Task details: Nothing is needed except the lines below that run from the one with "Last week we" through the one with "La alerta amarilla", repeated exactly.

Records to process:
────
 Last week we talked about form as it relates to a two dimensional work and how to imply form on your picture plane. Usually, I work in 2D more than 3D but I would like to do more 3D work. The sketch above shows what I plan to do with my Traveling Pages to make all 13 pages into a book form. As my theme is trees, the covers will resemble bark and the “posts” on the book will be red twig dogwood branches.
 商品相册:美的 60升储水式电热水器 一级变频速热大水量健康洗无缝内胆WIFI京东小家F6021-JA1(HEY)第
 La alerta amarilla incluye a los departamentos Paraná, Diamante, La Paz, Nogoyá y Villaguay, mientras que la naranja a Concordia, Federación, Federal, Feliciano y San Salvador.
────
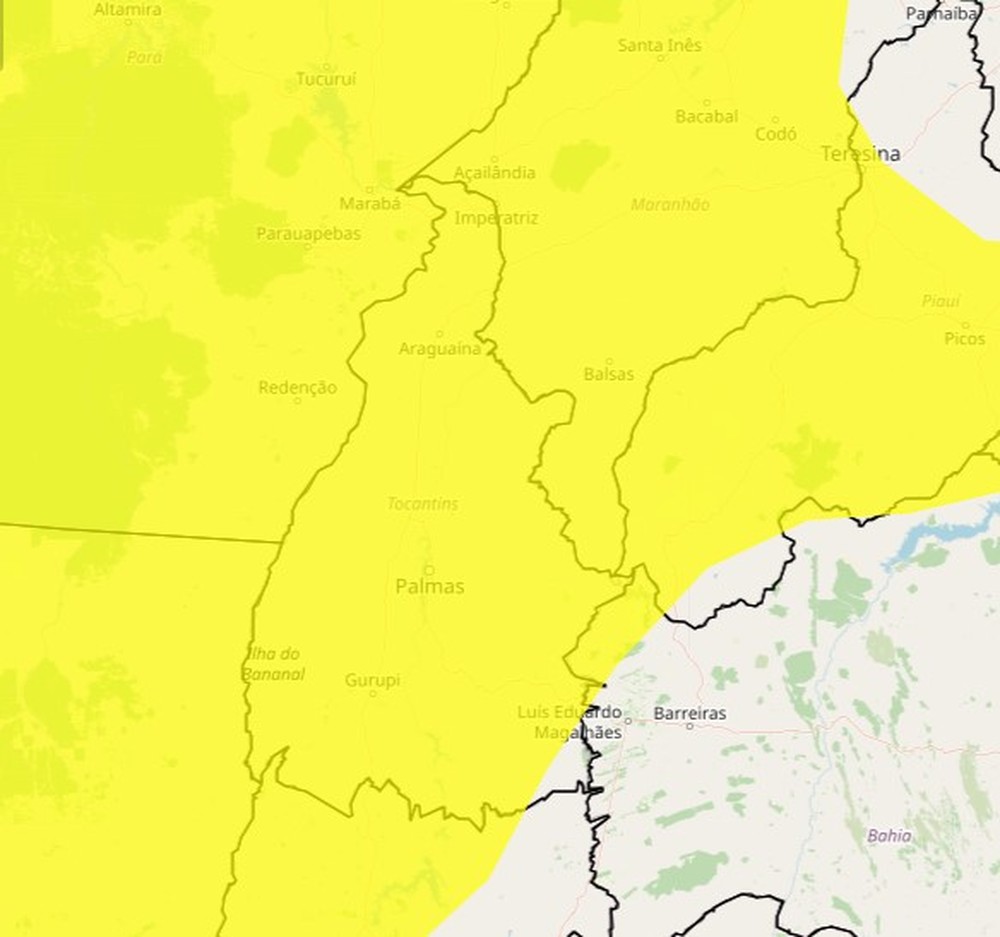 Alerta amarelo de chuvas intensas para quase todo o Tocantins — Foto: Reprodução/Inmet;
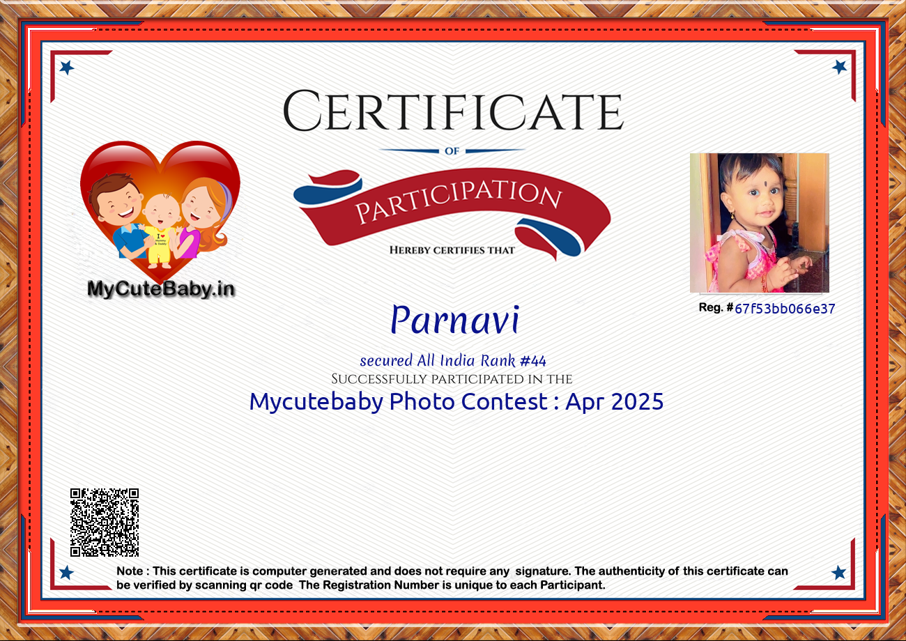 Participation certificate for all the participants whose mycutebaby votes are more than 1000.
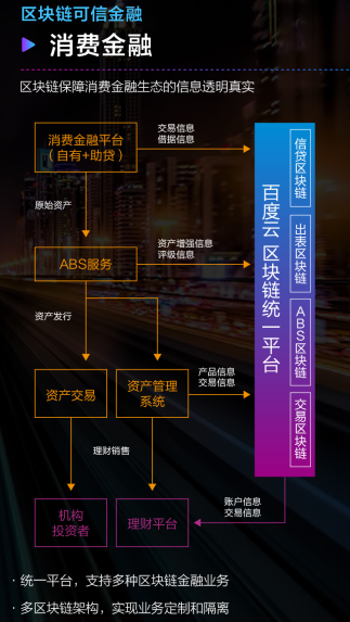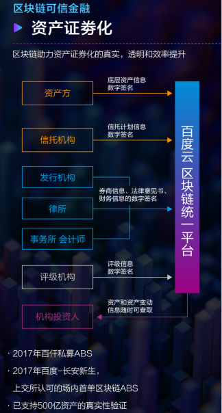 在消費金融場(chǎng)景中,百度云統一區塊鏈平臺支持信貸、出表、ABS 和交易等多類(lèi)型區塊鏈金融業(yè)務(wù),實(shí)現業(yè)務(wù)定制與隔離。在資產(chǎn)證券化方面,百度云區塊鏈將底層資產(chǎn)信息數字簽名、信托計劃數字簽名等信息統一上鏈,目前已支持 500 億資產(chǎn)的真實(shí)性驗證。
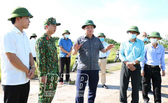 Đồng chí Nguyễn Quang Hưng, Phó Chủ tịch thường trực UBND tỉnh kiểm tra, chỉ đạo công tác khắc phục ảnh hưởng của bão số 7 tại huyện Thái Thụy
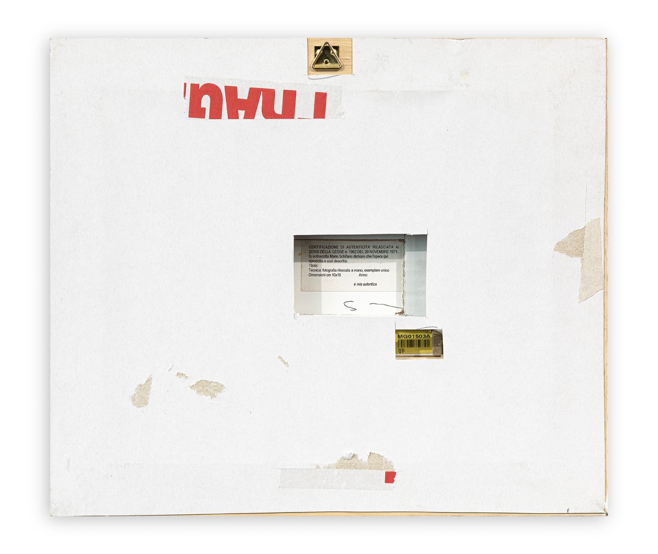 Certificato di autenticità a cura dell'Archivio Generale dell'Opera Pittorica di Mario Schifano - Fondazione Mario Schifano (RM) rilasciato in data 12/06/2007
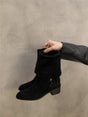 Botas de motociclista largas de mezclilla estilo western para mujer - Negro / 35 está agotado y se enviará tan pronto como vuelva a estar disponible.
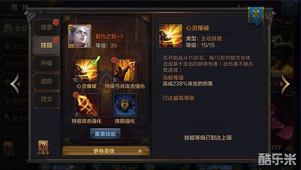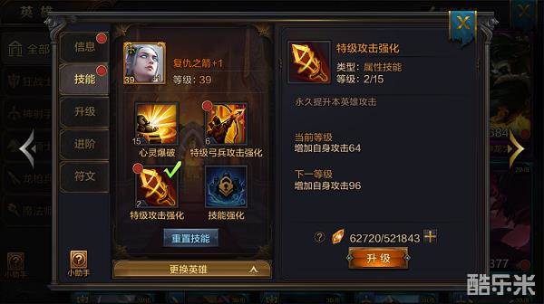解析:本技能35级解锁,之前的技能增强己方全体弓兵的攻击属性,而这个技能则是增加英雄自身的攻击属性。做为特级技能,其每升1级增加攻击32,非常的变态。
────
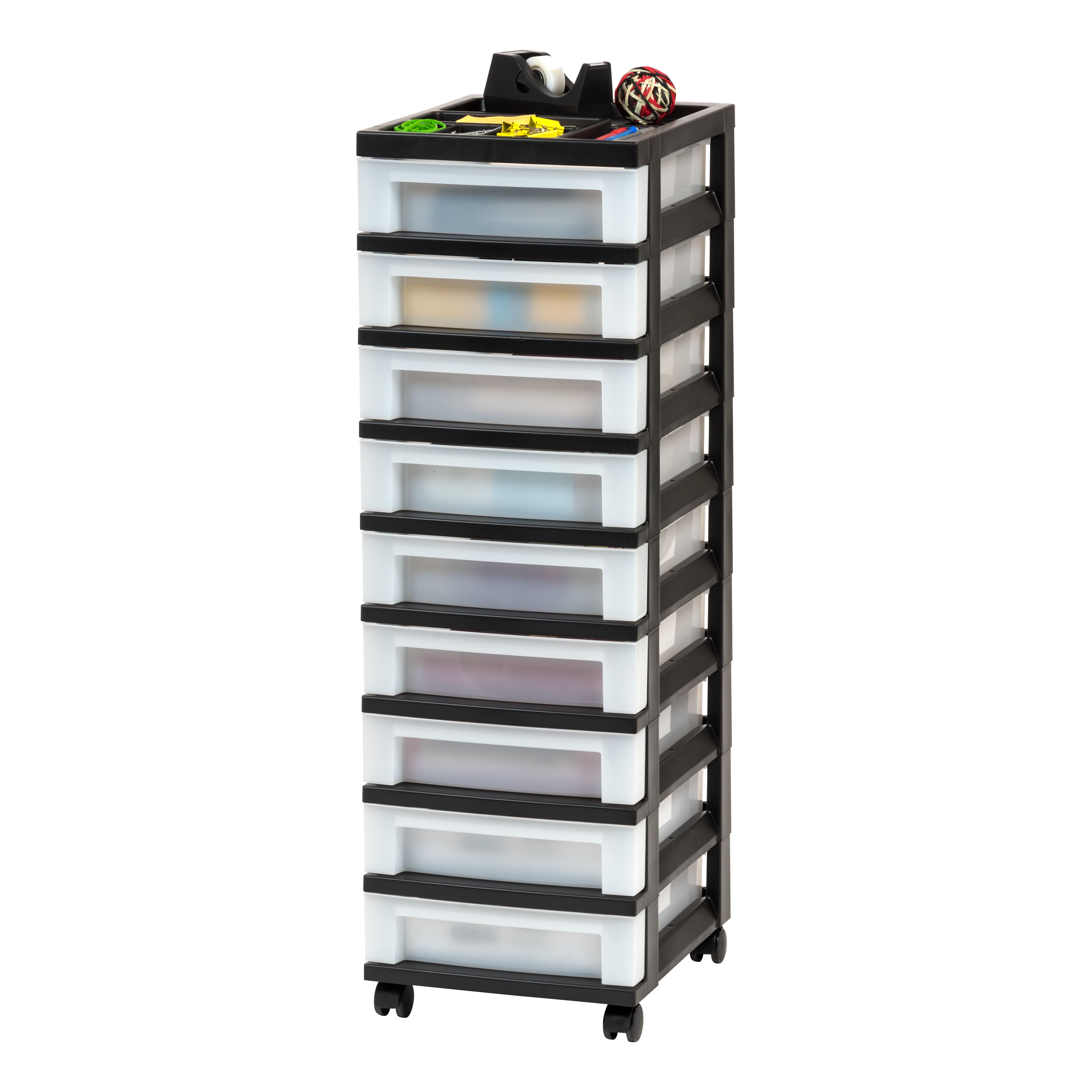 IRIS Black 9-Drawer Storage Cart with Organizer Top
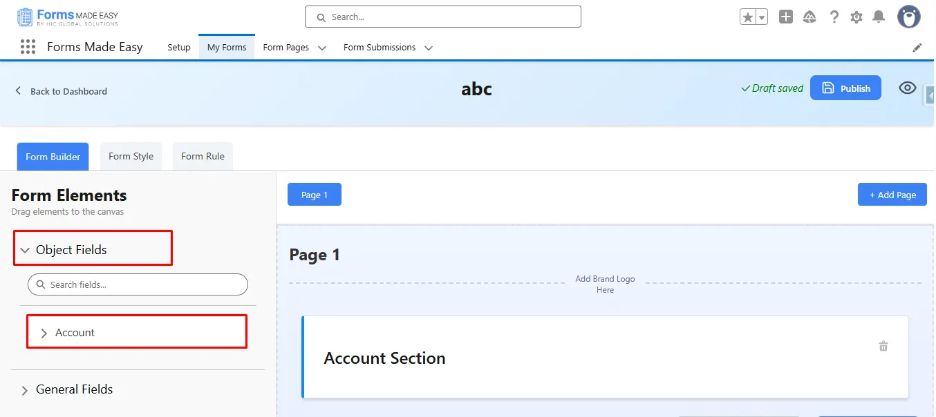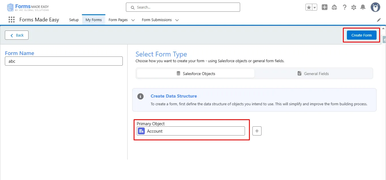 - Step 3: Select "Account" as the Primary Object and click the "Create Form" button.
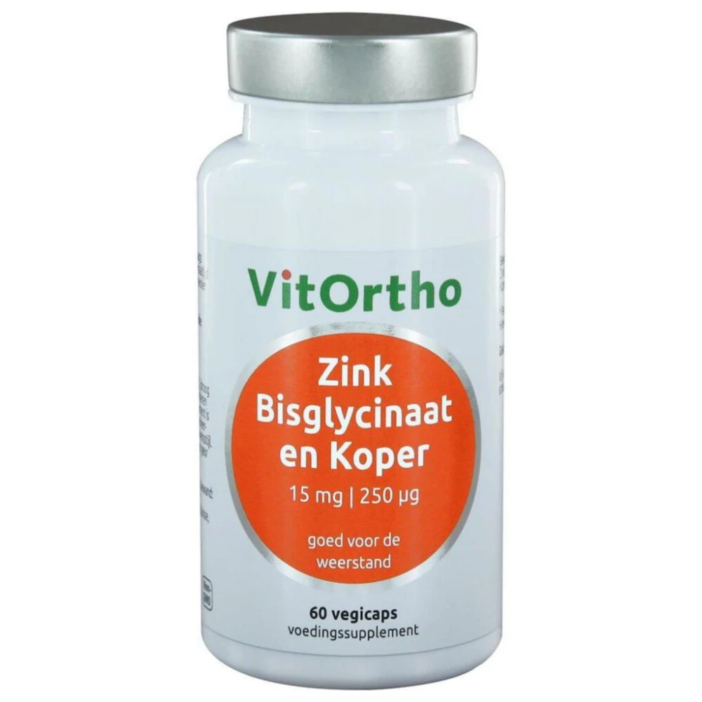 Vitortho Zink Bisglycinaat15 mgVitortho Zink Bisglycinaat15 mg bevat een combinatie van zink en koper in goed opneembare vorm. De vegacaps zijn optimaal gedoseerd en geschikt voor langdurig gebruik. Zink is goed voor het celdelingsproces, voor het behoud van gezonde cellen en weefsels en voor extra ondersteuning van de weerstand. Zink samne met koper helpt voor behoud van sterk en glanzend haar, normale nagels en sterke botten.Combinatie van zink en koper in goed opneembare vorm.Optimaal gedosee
────
Answer space:
 Last week we talked about form as it relates to a two dimensional work and how to imply form on your picture plane. Usually, I work in 2D more than 3D but I would like to do more 3D work. The sketch above shows what I plan to do with my Traveling Pages to make all 13 pages into a book form. As my theme is trees, the covers will resemble bark and the “posts” on the book will be red twig dogwood branches.
 商品相册:美的 60升储水式电热水器 一级变频速热大水量健康洗无缝内胆WIFI京东小家F6021-JA1(HEY)第
 La alerta amarilla incluye a los departamentos Paraná, Diamante, La Paz, Nogoyá y Villaguay, mientras que la naranja a Concordia, Federación, Federal, Feliciano y San Salvador.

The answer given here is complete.